The Review of the National Innovation System was a process established in January 2008 by the Government of Australia and coordinated by an expert panel. Its purpose was to develop and deliver a green paper examining the Australian national innovation system.

==Aims==
The review was announced on 22 January 2008 by the Minister for Innovation Kim Carr for the newly created Department of Innovation, Industry, Science and Research.The review is linked to simultaneous reviews of the Automotive and the Textiles, Clothing and Footwear industries. Its terms of reference included close consideration of the Cooperative Research Centres (CRC) program (paralleling the more specific O'Kane Review) and the Research and Development Tax Concession scheme, and it aimed to review "the coherence and effectiveness of existing Government support for innovation", to "identify gaps and weaknesses in the innovation system" and to "develop proposals to address them".

==Process==
The process began in February 2008 with a panel meeting and the panel chair's speech to the Australian Industrial Research Group, continuing in March with a series of Stakeholder Consultation meetings for research & academia, government, and business & industry, held in each of the State capitals in association with a "Call for Submissions".

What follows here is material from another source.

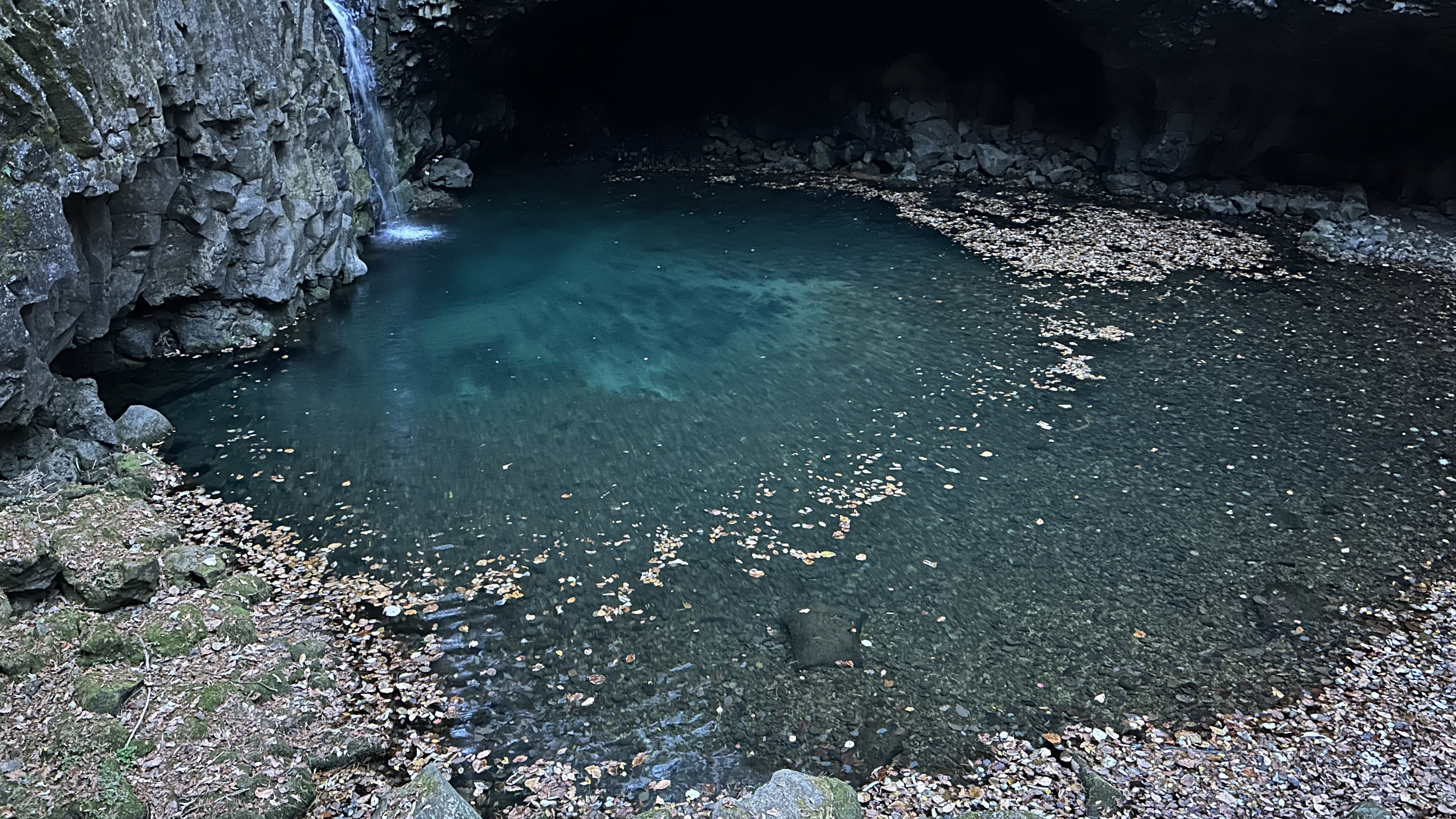 근처에 비둘기낭 폭포 라는 곳이 있어서 들러봤는데 조금 늦은 시간에 도착해서 그런지 어둑하더군요.

The Review considered over 730 submissions, conducted a series of focused workshops, and ultimately delivered its findings in the form of a green paper entitled "Venturous Australia" on 9 September 2008. The government invited comment on the paper until 30 September, and intends issue a response white paper later in the year.

===Expert panel===
The review was conducted by an expert panel chaired by Dr Terry Cutler, and included representatives from business and academia.

==See also==
- Department of Innovation, Industry, Science and Research (Australia)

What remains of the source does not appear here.